Once I finally managed to unload my verbiage onto the page, this process of engineering continued—albeit in a different form. The next phase of construction was editing for punctuation which, tellingly, was my favorite part. Technical mastery was all that mattered, and there was perverse pleasure in utilizing the oft-neglected semicolon. Concept flow (e.g. the location of paragraphs) was almost always perfect, owing to the fact that the paragraphs had been designed as logical machines rather than expressive missives. The end result of all this was a technically sound document, for which I held no passions, which had taken at least twice as long to write as it would have were I to have written from my heart rather than my brain.
A few months ago, I decided to take a break from writing and consider how I had come to be in this situation. I soon realized that, for several reasons, the entire scenario was the result of my composing using a computer. “Of course I program my writings,” I thought, “I have spent the last six months writing Python and C++ programs with this same keyboard!” “It is no wonder I can’t focus on articulation,” I continued, “I automatically associate sitting in this chair with doing three things at once!” It suddenly became clear to me, how I had come to forget the value of my words: I had unconsciously labeled them as yet more meaningless electrons being carried on the wires of my computer’s circuitry, none distinct from its neighbors.

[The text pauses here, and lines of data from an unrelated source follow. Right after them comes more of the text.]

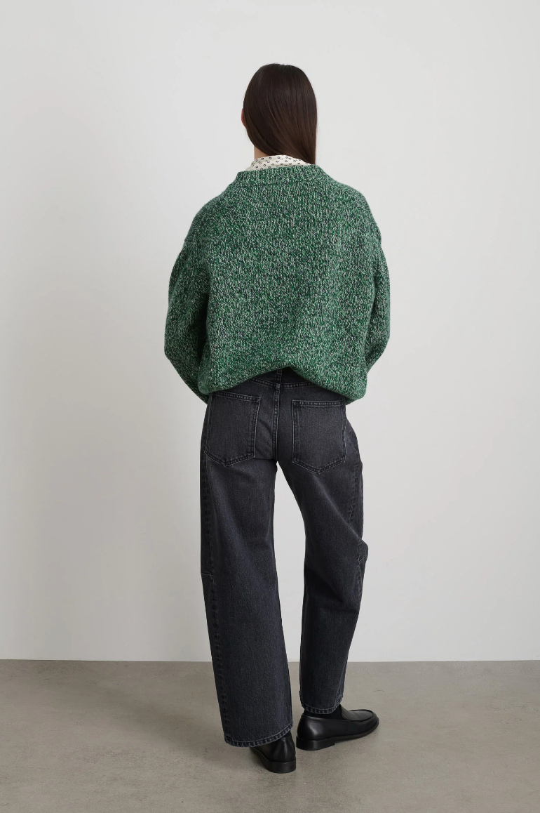 The Original Lasso Jean cut from heavy cotton rich denim, that has been washed way down to a matte black with a peached handfeel -then finished for a relaxed structured look. Designed to sit at the natural waist with a pieced outseam, kinked leg shape and finished hem.
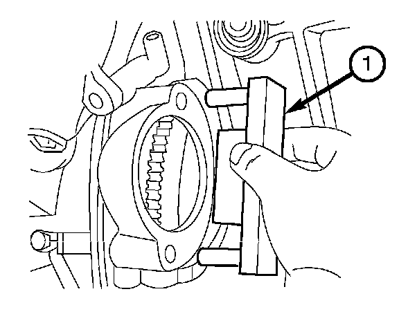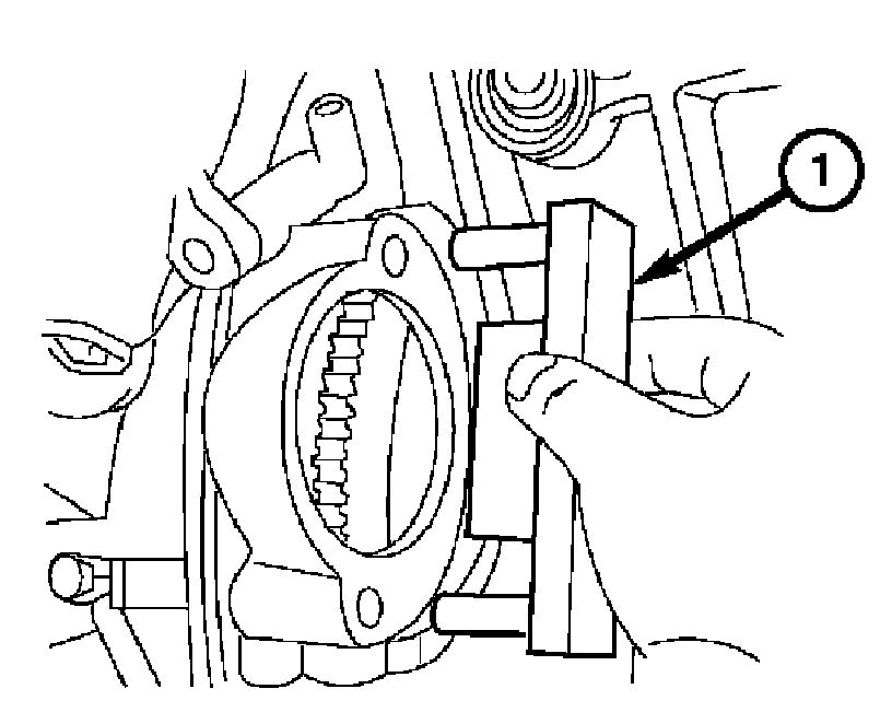 4. Using Special Tool 9102 Flywheel Locking Tool (1), lock the flywheel.
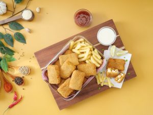 French fries,tomato ketchup & garlic dip ka saath serve karein!
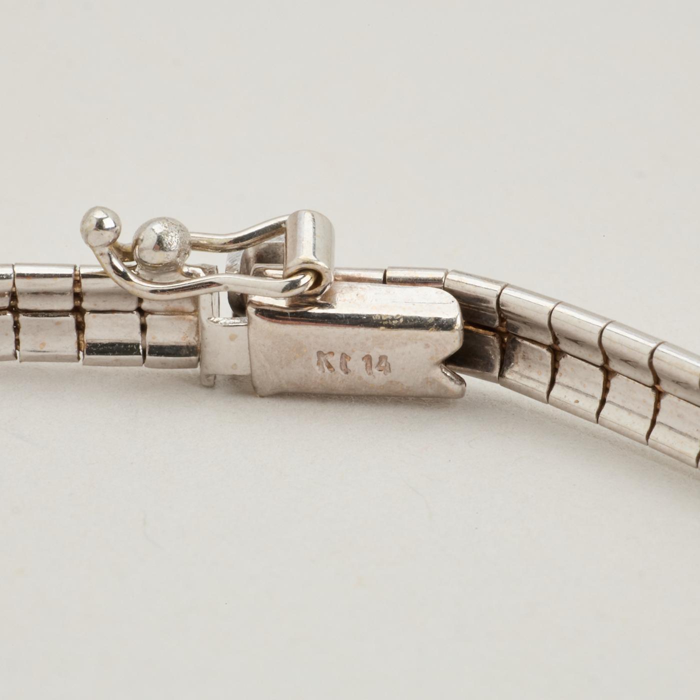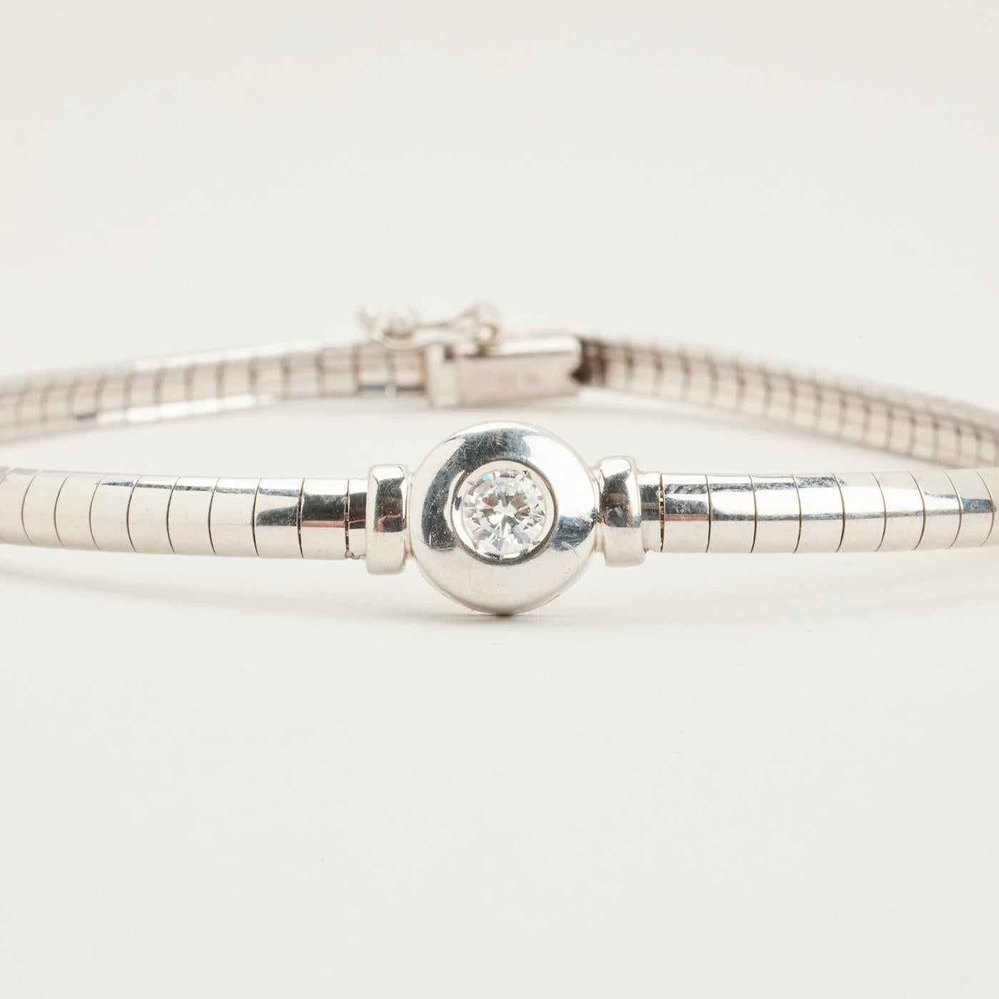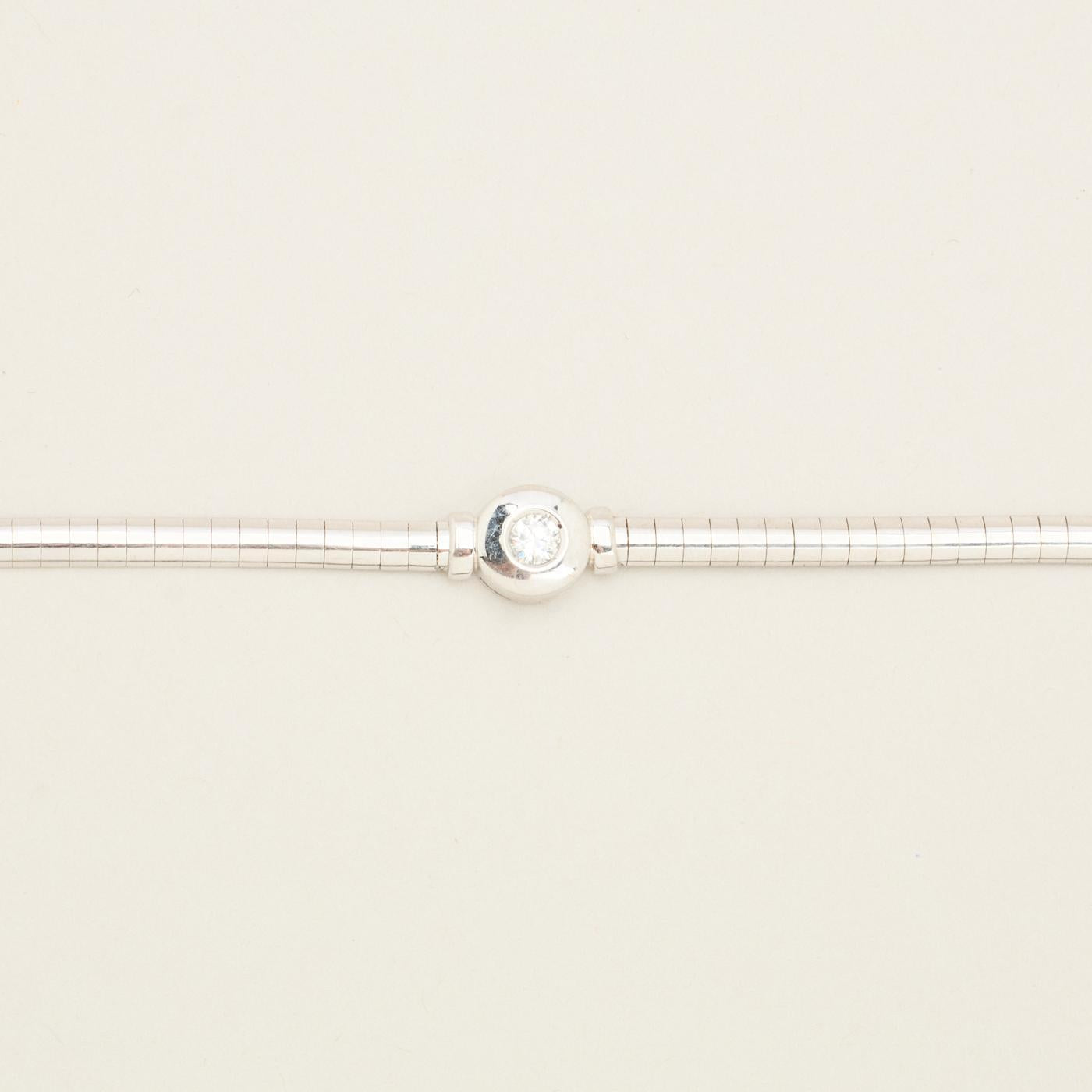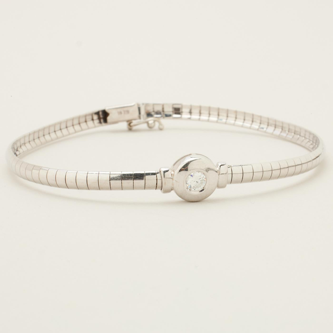 Rørkæde armbånd i 14K hvidguld, med diamant (0,19 ct), 20 cm, kasselås med sikkerhedslås
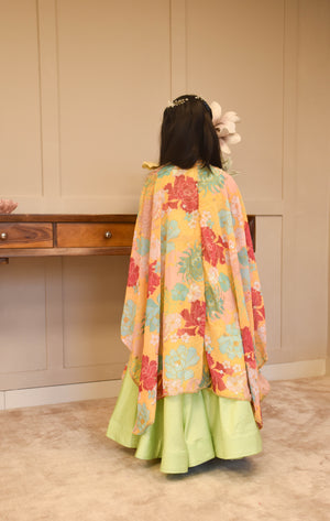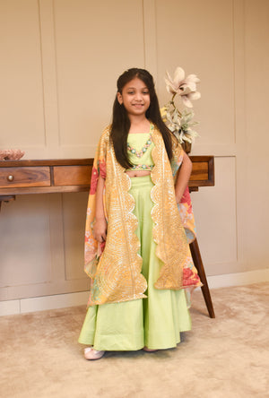 Explore our girls green crop top with pant and printed cape ensemble, featuring a comfortable cotton silk crop top with multi-colour embroidery laces for a stylish touch. The flair pants add a trendy flair, while the georgette printed embroidery cape completes the look with elegance. This lightweight ensemble is perfect for haldi or mehendi functions, allowing your little one to shine with grace and charm.
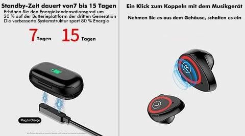 Ein Klick zum Koppeln mit dem Musikgerät, nehmen Sie es aus dem Gehäuse, schalten es ein
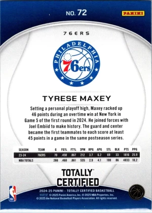 2024-25 Panini Totally Certified #72 Tyrese Maxey
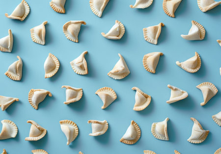 A flat lay of dumplings arranged neatly on a light blue surface, showcasing their unique shapes and textures
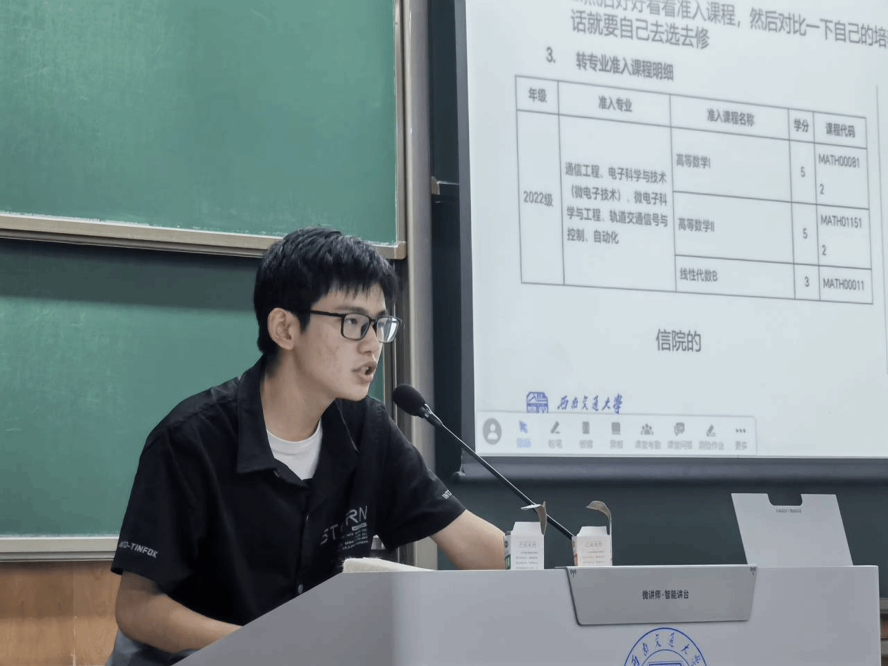 随后,由李明宇学长简单介绍了转专业细则,和他的转专业经验,希望同学们学业有成,前程似锦。

That discovery made clear to me other problems which stemmed from my use, and knowledge, of a computer in my writing process. For the most part, I never finished pieces whose composition was interrupted. This was a direct result of my not valuing my words; I failed to see any advantage to adding to that which was worthless. Still worse, I never printed the pieces I did manage to complete; and I never read them onscreen because they didn’t feel “real” (a manifestation of the “meaningless electrons” paradigm). These problems combined to produce the feeling that I had never actually produced anything in spite of the sometimes enormous effort I expended. Uncovering the root causes of that feeling, which had threatened to end my writing career before it began, gave rise to the reasoning which resulted in this very document.
I surmised that what I needed most was something to inject a sense of permanence into my writing. “Surely,” I thought, “an instantaneous permanent record of what I have written will eliminate both my ‘in place editing’ and my negligence with regard to reading what I have written; the page will lose its status of finality because filling it is the measure of progress, not the result.” The simplest (and most obvious) way to satisfy this need would be, of course, writing by hand. This was not a valid option for me, however, due to my spasticity and the awful writer’s cramp it quickly generates. It took almost no time at all for me to realize that a typewriter was the next best thing to writing by hand, and within a week I had won an eBay auction for the Olympia Report de Luxe (featured in You’ve Got Mail as the typewriter model with which Greg Kinnear’s character was obsessed) that I am presently using to write this. I specifically wanted a typewriter (instead of the more recently developed word processor) because it seemed possible that I might use the pre-printing display of a word processor as a means to “edit in place.”
The $60 cost of this machine has proved to be money well spent, as I have felt a real connection to the words typed from the moment I first tested its functioning. Case in point, I am confident that I could never have managed to write this piece using my computer. Somewhere in the feeling of the keys’ resistance to my fingers’ imposition and the seemingly thunderous noise of the page being struck, there is a spiritual connection made between my living brain and the slaughtered trees upon which I expound my musings…a connection the likes of which I doubt any author could write without.